Significance of sleep loss and pain
The nociceptive and sleep-wake systems function in a complex and reciprocal interrelationship. The experience of pain can impair the quantity and quality of sleep, and in turn, sleep loss induces and/or intensifies spontaneous pain and hyperalgesia. The prevalence of sleep disturbances in various clinical pain conditions constitutes a major epidemiologic problem. Approximately 22% to 60% of patients hospitalized for acute care report a sleep disturbances, and approximately 20% of the general population experiences some sort of chronic pain and sleep disturbance. The combination of pain and sleep disturbance has negative consequence from patients’ overall daily functioning and well-being. Plus, there is a compelling need to investigate the mediators that interlink pain and sleep.
Clarification of these mechanism is vital for development of therapeutic strategies such as novel anti-inflammatory agents have the potential to minimize the impact of sleep disruption and pain on the socioeconomic cost to society and physical function in at-risk populations, nightshift workers, parents with infants and toddlers, sleep-deprived motor vehicle drivers, frequent travelers and students as well as the population of patients with pain in acute hospital settings and in chronic pain management clinics.

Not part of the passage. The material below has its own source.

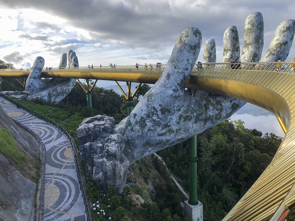 As a result of great creation and building technology, Golden Bridge - a 150 meter (490 feet) long pedestrian bridge offers a spectacular panoramic view of primitive forests, ocean and city of Da Nang.
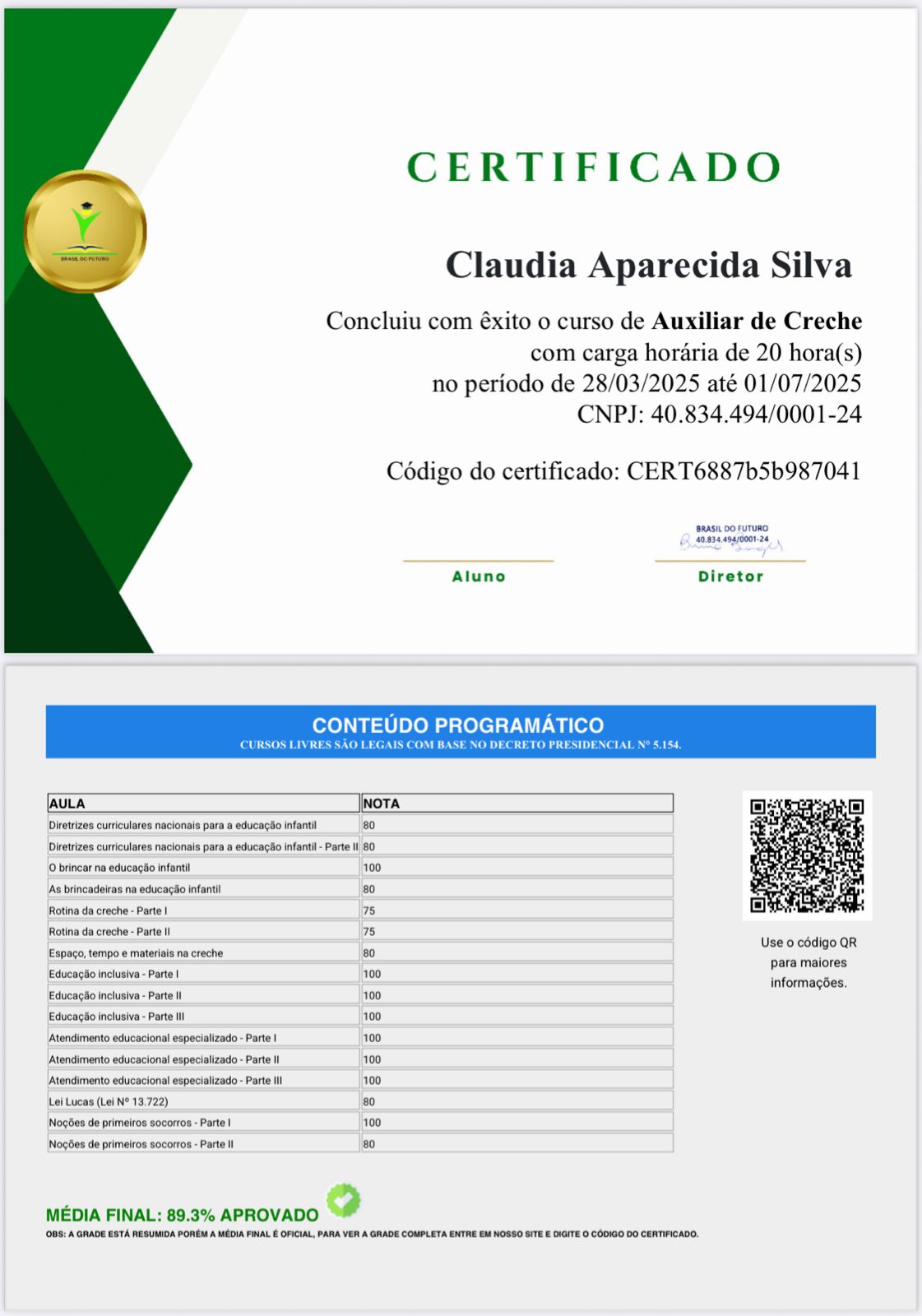 Ao concluir o curso, você recebe um certificado válido em todo o Brasil, ideal para comprovar seus conhecimentos e abrir portas no mercado de trabalho.

Sleep patterns in the postoperative period can be severely disrupted with a suppression of both slow-wave and rapid eye movement (REM) sleep. The quality and quantity of sleep after surgery are influenced by a multitude of factors:
- including the extent of tissue injury
- the effectiveness of the analgesics
- the activation of surgical stress response
Opiates have been demonstrated to disrupt sleep in humans and suppress both slow-wave and REM sleep. This suggest that opioids may contribute to postoperative sleep disturbances. A sleep-disrupting effect also has been suggested for acute treatment with COX enzyme inhibitors such as NSAIDs based on short-term studies in healthy volunteers. Yet, little is known about the effect of clinical use of COX enzyme inhibitors on sleep in subjects with pain.